Goal of the exercise: Type again, exactly, the lines below from the start through the line that includes "Välkommen till en".

---- Information shown

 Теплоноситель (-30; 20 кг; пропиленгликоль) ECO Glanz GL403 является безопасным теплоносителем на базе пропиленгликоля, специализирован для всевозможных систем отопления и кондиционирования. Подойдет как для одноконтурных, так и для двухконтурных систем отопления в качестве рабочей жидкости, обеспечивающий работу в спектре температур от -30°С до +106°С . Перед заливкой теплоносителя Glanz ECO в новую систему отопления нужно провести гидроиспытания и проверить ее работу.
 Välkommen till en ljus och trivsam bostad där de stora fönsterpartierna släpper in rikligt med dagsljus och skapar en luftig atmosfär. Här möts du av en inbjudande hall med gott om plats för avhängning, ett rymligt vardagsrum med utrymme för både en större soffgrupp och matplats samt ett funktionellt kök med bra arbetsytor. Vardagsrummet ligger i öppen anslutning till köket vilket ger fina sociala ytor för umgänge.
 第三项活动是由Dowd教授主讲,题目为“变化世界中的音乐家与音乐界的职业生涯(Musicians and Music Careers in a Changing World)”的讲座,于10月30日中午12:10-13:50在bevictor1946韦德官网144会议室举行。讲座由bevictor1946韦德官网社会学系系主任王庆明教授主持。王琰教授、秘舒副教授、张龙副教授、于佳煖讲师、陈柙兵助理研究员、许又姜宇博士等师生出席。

--------

Response to this task:
 Теплоноситель (-30; 20 кг; пропиленгликоль) ECO Glanz GL403 является безопасным теплоносителем на базе пропиленгликоля, специализирован для всевозможных систем отопления и кондиционирования. Подойдет как для одноконтурных, так и для двухконтурных систем отопления в качестве рабочей жидкости, обеспечивающий работу в спектре температур от -30°С до +106°С . Перед заливкой теплоносителя Glanz ECO в новую систему отопления нужно провести гидроиспытания и проверить ее работу.
 Välkommen till en ljus och trivsam bostad där de stora fönsterpartierna släpper in rikligt med dagsljus och skapar en luftig atmosfär. Här möts du av en inbjudande hall med gott om plats för avhängning, ett rymligt vardagsrum med utrymme för både en större soffgrupp och matplats samt ett funktionellt kök med bra arbetsytor. Vardagsrummet ligger i öppen anslutning till köket vilket ger fina sociala ytor för umgänge.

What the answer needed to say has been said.